[seqfan] Re: Smallest groups with an irreducible representation of given dimension
njasloane at gmail.com
Mon Apr 8 14:01:51 CEST 2013
David, I don't know that we have any group theorists on the Seq Fan list.
So I asked a group theorist friend (not on this list) to comment on your
proposed sequence. Here is part of the reply:
1, 6=S3, 12=A4, 20=C5:C4, 55=C11:C5, 42=C7:C6, 56=(C2xC2xC2):C7,
72=C3xC3:(some regular subgroup of L2(3) on 8 points),
171=C19:C9, 110 = C11:C10, 253=C23:C11, 156=C13:C12, 351=(C3xC3xC3):C13, ...
If one has a small cyclic group of order p such that varphi(p) is a
multiple of n,
then take Cp:Cn.

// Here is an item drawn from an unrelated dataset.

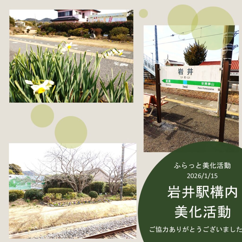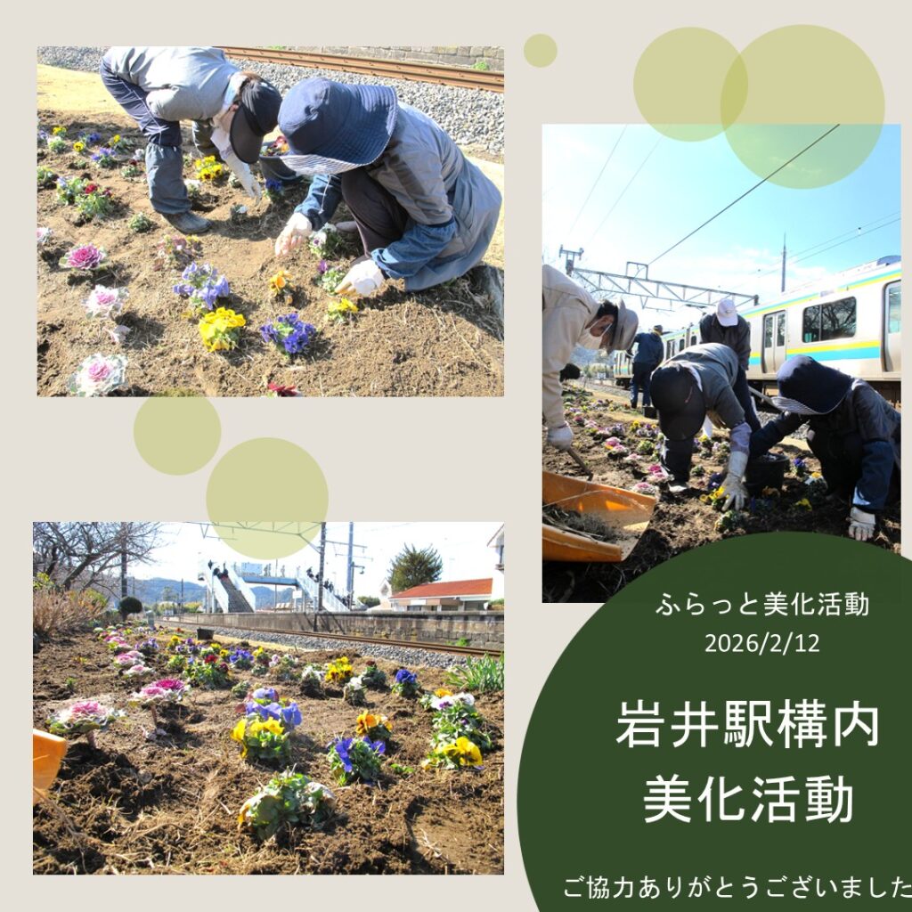 ふらっと通信第177号で、毎月第二木曜日に実施している岩井駅構内花壇周り

For other n it is reasonable to take elementary abelian
groups of order n+1 that admit a subgroup of their automorphism group
acting regularly on the n non-trivial characters.
Can you go ahead and submit the sequence (of course only including the
terms as far as you are certain of them)?
On Sat, Apr 6, 2013 at 5:36 AM, David Harden <sylow2subgroup at gmail.com>wrote:
> The sequence I am considering is the one for which a_n is the order of the
> smallest finite group(s) possessing an irreducible complex representation
> of dimension n.
> a_1 = 1, and n > 1 implies (writing a_n as the sum of the squares of the
> dimensions of the group's irreducible representations) a_n > n^2 -- since
> a_n has to be a multiple of n, this yields a_n >= n^2 + n.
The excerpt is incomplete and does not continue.